The story was very close to the hearts of the people. Laudable was the script by Liza Magtoto, the tone of which is resembling the masses, which again is the most relatable segment for the Aegis band. There's a lot of references to pop culture, but then again it's the language the masses speak. The jokes were obvious and spoonfed but the acting and delivery made it funnier as well. The only thing maybe is that it came as a common Filipino ending where suddenly, everyone's happy. But again, if you're speaking the language of the masses, that's the way to go.

There was never a dull moment in the play. The ensemble acting of the cast kept up the show always energized, may it be a dramatic or comedic scene. They made it very natural that you can almost see the real situation it was patterned to. For me, Kailila Aguilos stood out as the Brgy. Captain. She knows her nuances and has the singing voice closest to that of Aegis. She alternates for Isay Alvarez. Aicelle Santos came to me as a surprise. She became better in acting, very quick and natural. Another scene stealer is the actor that played Tolits. He really studied the role and his quips were the funniest. Vocally, the mother role, Mercy (which coincidentally is the name of one of the members of Aegis) stood out with her aria-like solo. The ensemble had their own moments which contributed to the life of the play.
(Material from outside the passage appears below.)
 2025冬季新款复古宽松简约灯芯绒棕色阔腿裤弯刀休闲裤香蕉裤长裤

The musical disrupted the mainstream of musical play. The usuals are full non-repetitive songs with lavish production numbers and grand endings. The music in Rak of Aegis was arranged like the sing-alongs at home or in the neighborhood. The songs were reprised in some parts with changed lyrics. And most of the endings is not the usual high note bang. They were arranged to be solemn when needed. My favorite of the songs was the arrangement for "Gumising na tayo". Aegis made a number of hit songs yet very limited. The writer and the music arranger played with it by using the limited and applicable songs and rounding them up around the play. Although, Aegis is known for their high notes and rock songs. I was hoping to hear more of that.
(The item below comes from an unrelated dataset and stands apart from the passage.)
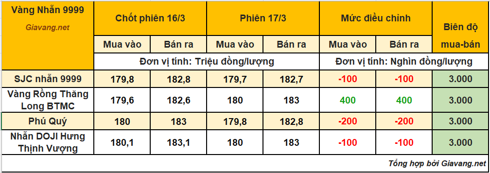 Nhẫn Bảo Tín Minh Châu, niêm yết giao dịch mua – bán ở mức 180 – 183 triệu đồng/lượng, giá mua tăng 400 nghìn và giá bán tăng 400 nghìn so với cuối ngày 16/3.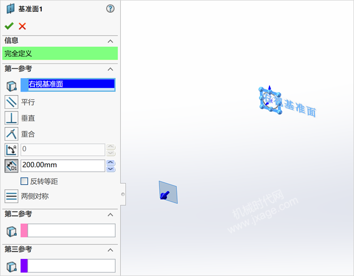 2.创建基准面1,以右视基准面为基准,偏移200mm。

I also liked the witty pre-show announcements tailor-fit to the play. It made me try not to sing-along or I would have to sing Halik two octaves higher. Also, it's a musical play not a karaoke. :)

Overall, it's not actually a miss-half-of-your-life experience yet it's a show worth your time and dime. Go catch them until March 9.

Sunday, February 9, 2014

Film: Saving Mr. Banks & August: Osage County

I know. I know. It's a little late for this review but since the road to Oscars has started, it's nice to catch all the nominees before Ellen DeGeneres and the Academy award them.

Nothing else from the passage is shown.